Reproduce the listing exactly and skip over any pictures.

### Data provided:
== Segment start ==

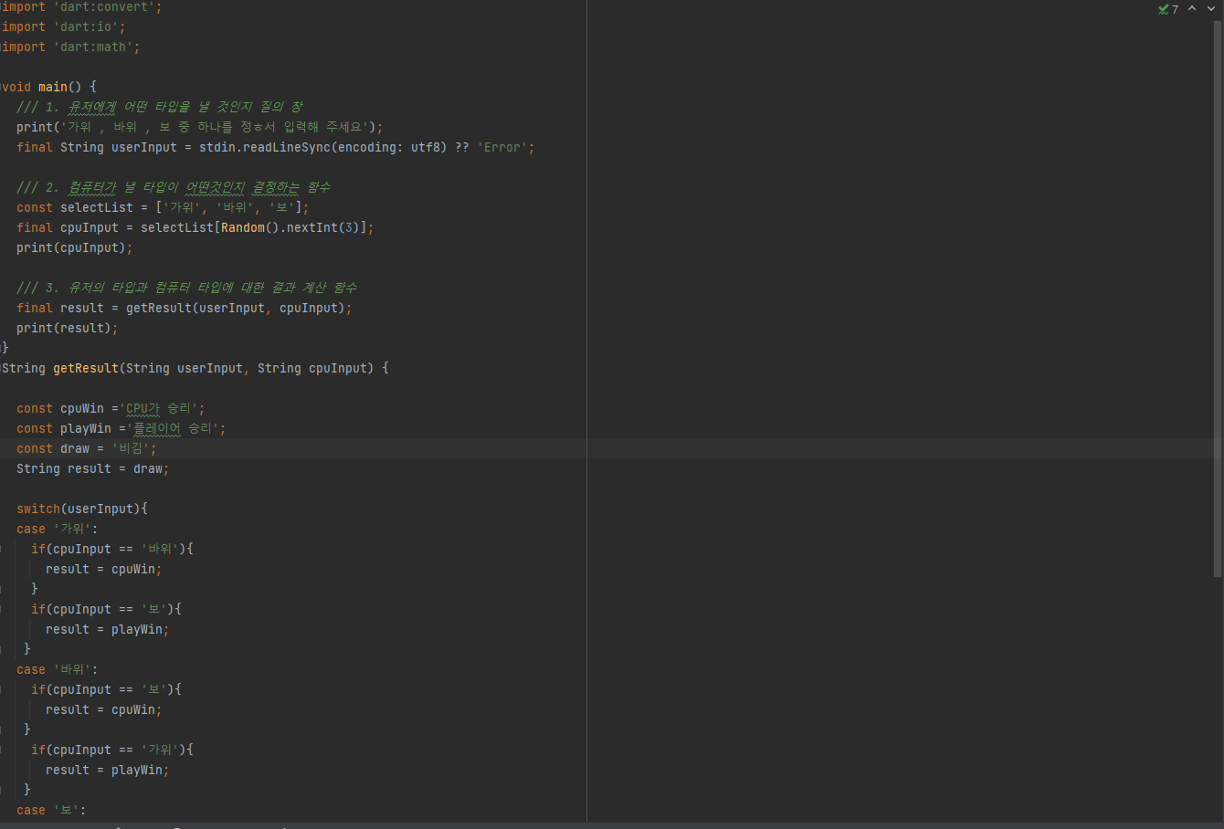 또 초반 강의중 dart에 대해 알아보는 시간이라 간단한 가위바위보 만드는 프로그래밍을 했었는데 반복문 , print문을 쓰면서 진짜 간단하다는 생각을 했다
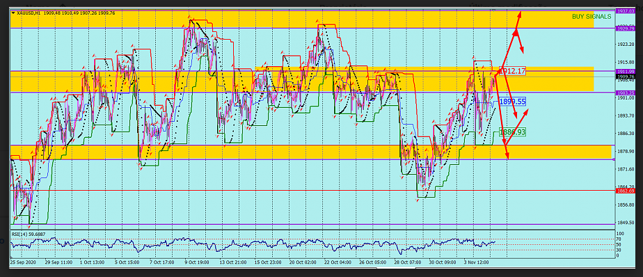 Hoje, o ouro é negociado em uma faixa relativamente estreita. No momento, o preço está próximo aos níveis de fechamento de segunda-feira. Sendo um ativo porto-seguro, o ouro está em demanda entre os investidores antes das eleições presidenciais nos Estados Unidos. Além disso, o ouro está se fortalecendo devido a um aumento drástico no número de novos casos de coronavírus. Países em todo o mundo estão implementando restrições de bloqueio. Na primeira metade do dia, espero que ocorra alguma correção de baixa. Em geral, o preço provavelmente apresentará tendência de alta hoje. O ouro está sendo negociado sob o controle dos touros. O ponto de Pivô estimado está no nível de 1875. Vou comprar o instrumento acima dessa marca com as metas nos níveis de 1915 e 1935. Alternativamente, o ouro pode retomar seu movimento descendente, estourar em 1875 e se consolidar. Nesse caso, o preço pode cair para o nível de 1855 ou até 1845.
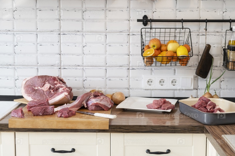 Разные виды мяса. Баннер, разрезающий свежее сырое мясо на борту на белой кухне. Подготовка мяса свинины, варка

== Segment end ==

### Reply:
 또 초반 강의중 dart에 대해 알아보는 시간이라 간단한 가위바위보 만드는 프로그래밍을 했었는데 반복문 , print문을 쓰면서 진짜 간단하다는 생각을 했다
 Hoje, o ouro é negociado em uma faixa relativamente estreita. No momento, o preço está próximo aos níveis de fechamento de segunda-feira. Sendo um ativo porto-seguro, o ouro está em demanda entre os investidores antes das eleições presidenciais nos Estados Unidos. Além disso, o ouro está se fortalecendo devido a um aumento drástico no número de novos casos de coronavírus. Países em todo o mundo estão implementando restrições de bloqueio. Na primeira metade do dia, espero que ocorra alguma correção de baixa. Em geral, o preço provavelmente apresentará tendência de alta hoje. O ouro está sendo negociado sob o controle dos touros. O ponto de Pivô estimado está no nível de 1875. Vou comprar o instrumento acima dessa marca com as metas nos níveis de 1915 e 1935. Alternativamente, o ouro pode retomar seu movimento descendente, estourar em 1875 e se consolidar. Nesse caso, o preço pode cair para o nível de 1855 ou até 1845.
 Разные виды мяса. Баннер, разрезающий свежее сырое мясо на борту на белой кухне. Подготовка мяса свинины, варка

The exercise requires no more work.